Уолли сделался еще молчаливее. Я почувствовал, что в нем начало расти тотальное неверие, сомнение во всем. Теперь он способен совершить что угодно, преступить любую черту. Мы нежно обнялись с ним, но я знал, что дрожь, которую я ощущал в глубине его сердца, становится все более жестокой и темной. Виновником происшедшего он считал меня. Я был белым человеком. И подлость Моник он оправдывал вселенской подлостью белых по отношению к его расе. В то мгновение мне самому захотелось стать черным — настолько велики преступления наших предшественников на этом континенте. На всех континентах и территориях, куда ступила нога христианского проповедника в железных латах. Каннибализм и приношение в жертву человеческих жизней казались мне милосерднее служения объединителю и размягчителю душ. Ни Айрис, ни Уолли больше никогда не заговаривали о деньгах.
Глава 12
Купель с водой стояла посреди храма, по краям горели три свечи, крест покоился на аналое рядом с бархатной книгой и коробочкой. Старик в белой епитрахили, поручах и фелони ходил вокруг нас с красивым золотым шаром на цепочке. Он раскачивал его, окутывая нас сладким дымом. Белая фелонь напоминала о пасхальном характере таинства: в древности нас крестили на Пасху. Нас отвозили на остров Пасхи, где стоят гигантские каменные головы с каменными шапками на головах, и головы смотрели, как старики опускают рыдающих младенцев в корыта с холодной водой. Они хранили надменное молчание. В пустом небе кружили стаи молчаливых крестообразных птиц.
“Благословенно Царство Отца и Сына и Святаго Духа, ныне и присно и во веки веков”. Эхо сильного старческого голоса отражалось от великих каменных глыб, умножая смысл произнесенной фразы в десятки раз. Самый большой храм на свете не имеет ни стен, ни купола. Он открыт для очей Бога, потому что нам нечего скрывать от Всевышнего.

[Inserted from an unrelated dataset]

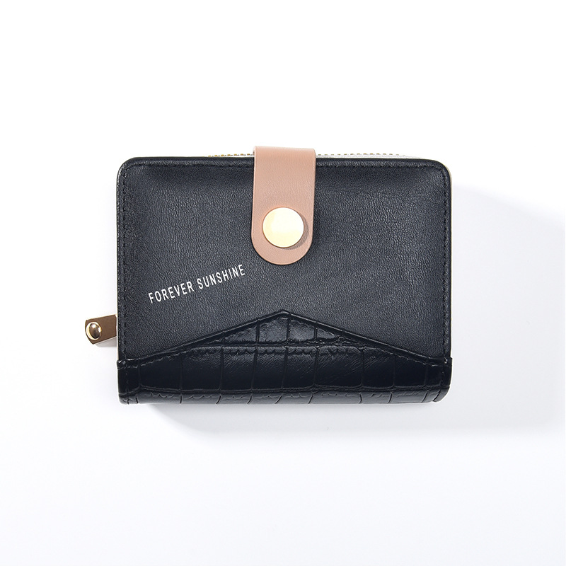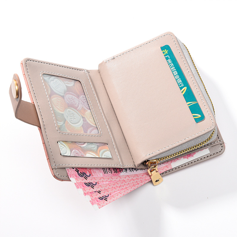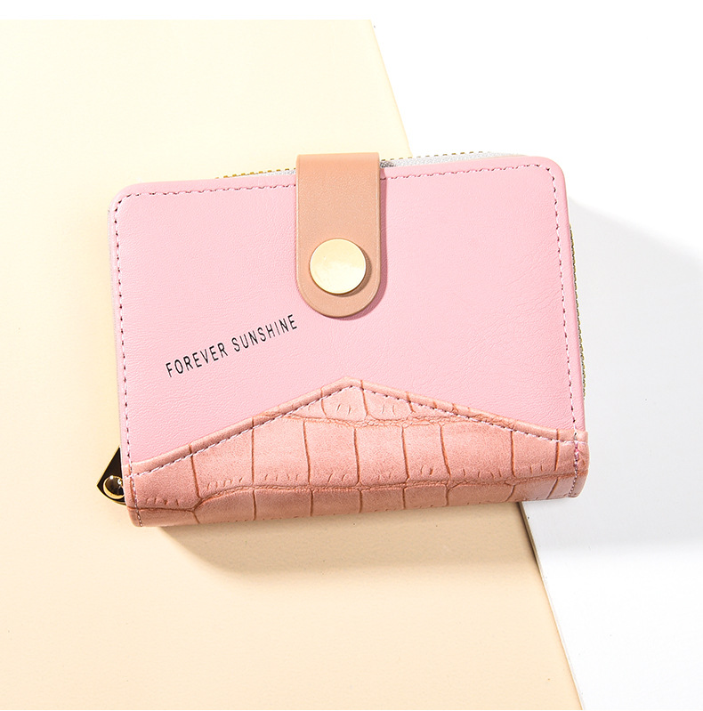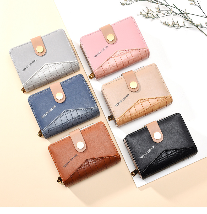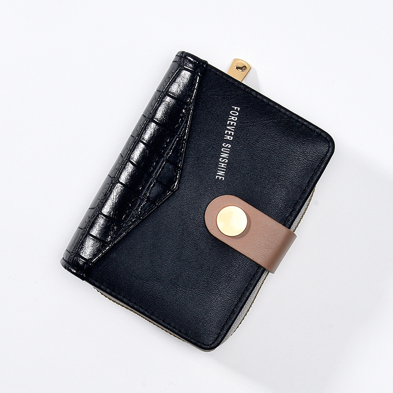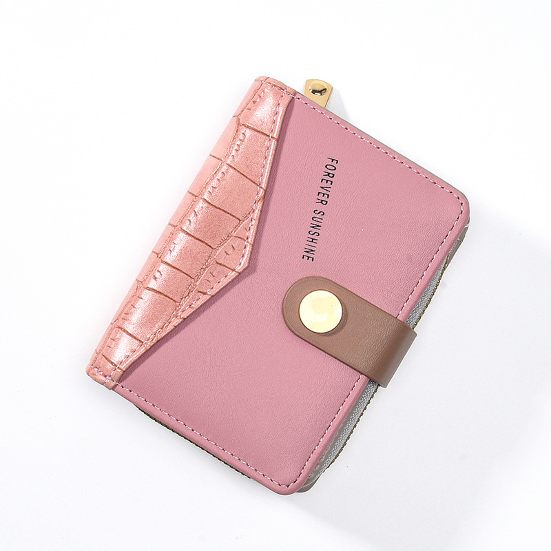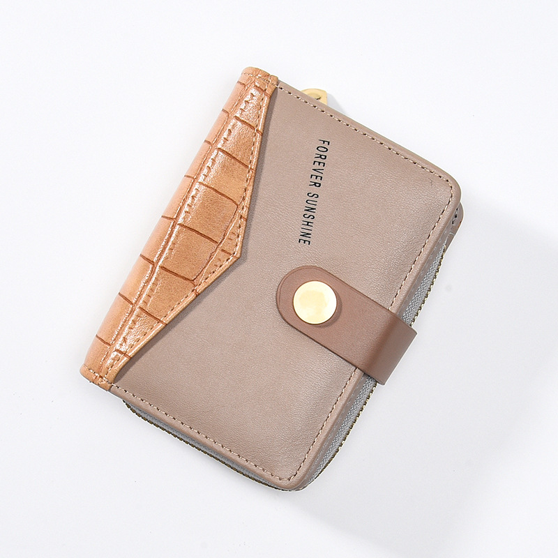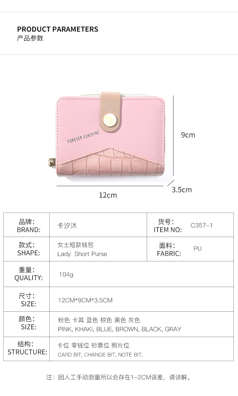 新款女士钱包纯色皮带装饰拼接时尚大容量女包多功能多卡位零钱夹
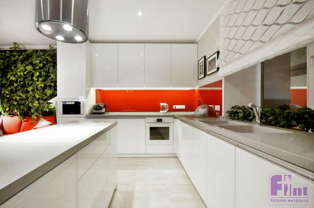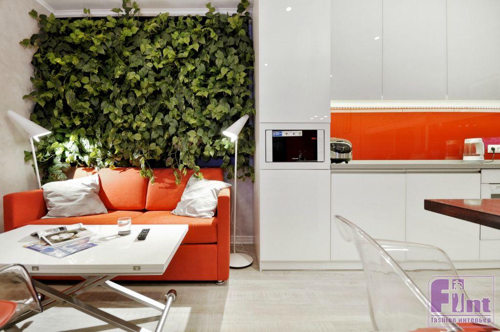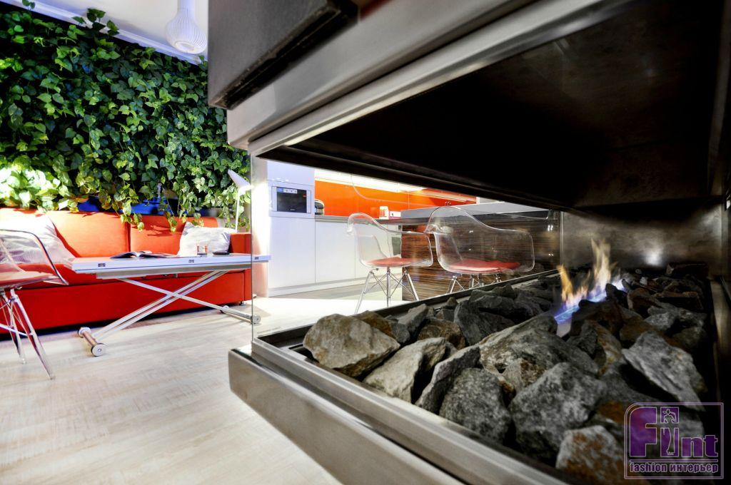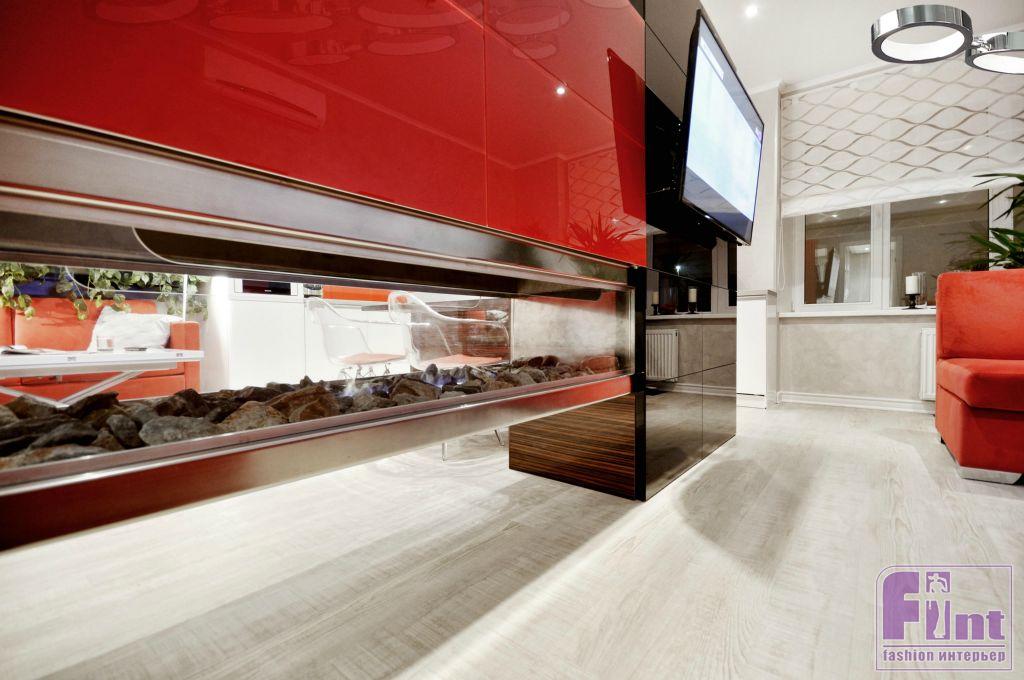 Молодая хозяйка квартиры очень любит проводить вечера с большими компаниями, и это необходимо было учитывать. Так же хозяйка хотела видеть в своём интерьере биокамин, телевизор с большим экраном и просторную кухню. Решение пришло сразу – помещение решили не делить, а сделать эффектный фальш объём и частично подвесить крупные элементы «в воздухе». Весь функционал, по замыслу дизайнеров, расположился в зале. Высокий контраст поддержан динамикой центральной конструкции, которая объединяет в себе сразу несколько задач. Главным акцентом выступил центральный подвесной камин с рабочим островом, холодильником и двумя телевизорами. Благодаря такому решению, удалось сохранить максимум пространства и сохранить свободу перемещения.

В холодное время года детей нельзя опускать в воду на морозе. Каменные постройки и уютные крестильни из гипсокартона спасают нас от лютой стужи: люди здесь могут снять с себя тяжелые одежды. Нас разворачивают из вороха пеленок и шерстяных шалей, чтобы мы могли чувствовать себя свободнее. Мне нравится быть голым: так легче шевелиться, всегда можно засунуть в рот палец или даже кулак и сосать их с наслаждением. Катарина радуется жизни меньше, хотя я знаю, что она плачет не от страха, а чтобы привлечь внимание. Сейчас мы оба молчим, потому что у нас над головами висит огромная люстра с мириадами светящихся сосулек. На потолке нарисованы облака, сквозь которые за нами подсматривают боги. Они не вызывают страха, потому что неподвижны, как электрический свет. Когда в помещении много света, иконы становятся ярче. Икона — это конфета (хотя я еще никогда их не пробовал) в золотой фольге и червленом серебре, ты разворачиваешь ее на улице подальше от чужих глаз, на нее падает свет из космоса. Из иконы на тебя смотрит мама. У нее не очень доброе лицо (она устала), но ее глаза что-то обещают в будущей жизни. Она невезуча, как все женщины, но добрая, потому что это главная черта ее характера. Я никогда бы не полюбил иконы, не увидев в ней материнского лица. Она сделана по фотографии, но по такой фотографии, которая смогла запечатлеть невидимое лицо. Великие художники рисовали нашу маму, а думали о своей. Они думали о своем, хозяйском, но если ангел витал над ними в ту минуту, видели то же самое.
Другой бог нарисован искривленным, у него тоже выразительные глаза, как у мамы, но он кажется мертвым или уснувшим. Он лежит на перекладине, и его Отец смотрит на него сверху: сын мертв, но кажется, что вот-вот пошевелится. У него плохая, невзрачная кожа и отсутствующий вид: он помещен в церкви ближе всех к алтарю.
Там стоят главные: на них блестящие одежды и кресты с драгоценными камнями, они дуют на воду. Сначала вода была основой жизни, но ныне заражена злом. Старик с бородой может заговорить воду, сделать ее животворной для нас с Катариной. Этого сделать невозможно, потому что вокруг все поражены злом, но он очень старается и много говорит. Мать держит меня на руках, отец взял Катьку. По сторонам находятся наши восприемники: мой крестный отец в мешковатом пиджаке, Катькина крестница в халате из антикварной шторы. Странная компания топчется за спинами родителей. Шесть человек, разбитые на пары, стараются держаться подальше друг от друга. Они взялись за руки, сделали по два шага вбок, чтобы не соприкасаться плечами. Многих из них я уже видел. Появилась пара незнакомых лиц, но я чувствую, что они мало отличаются от прежних.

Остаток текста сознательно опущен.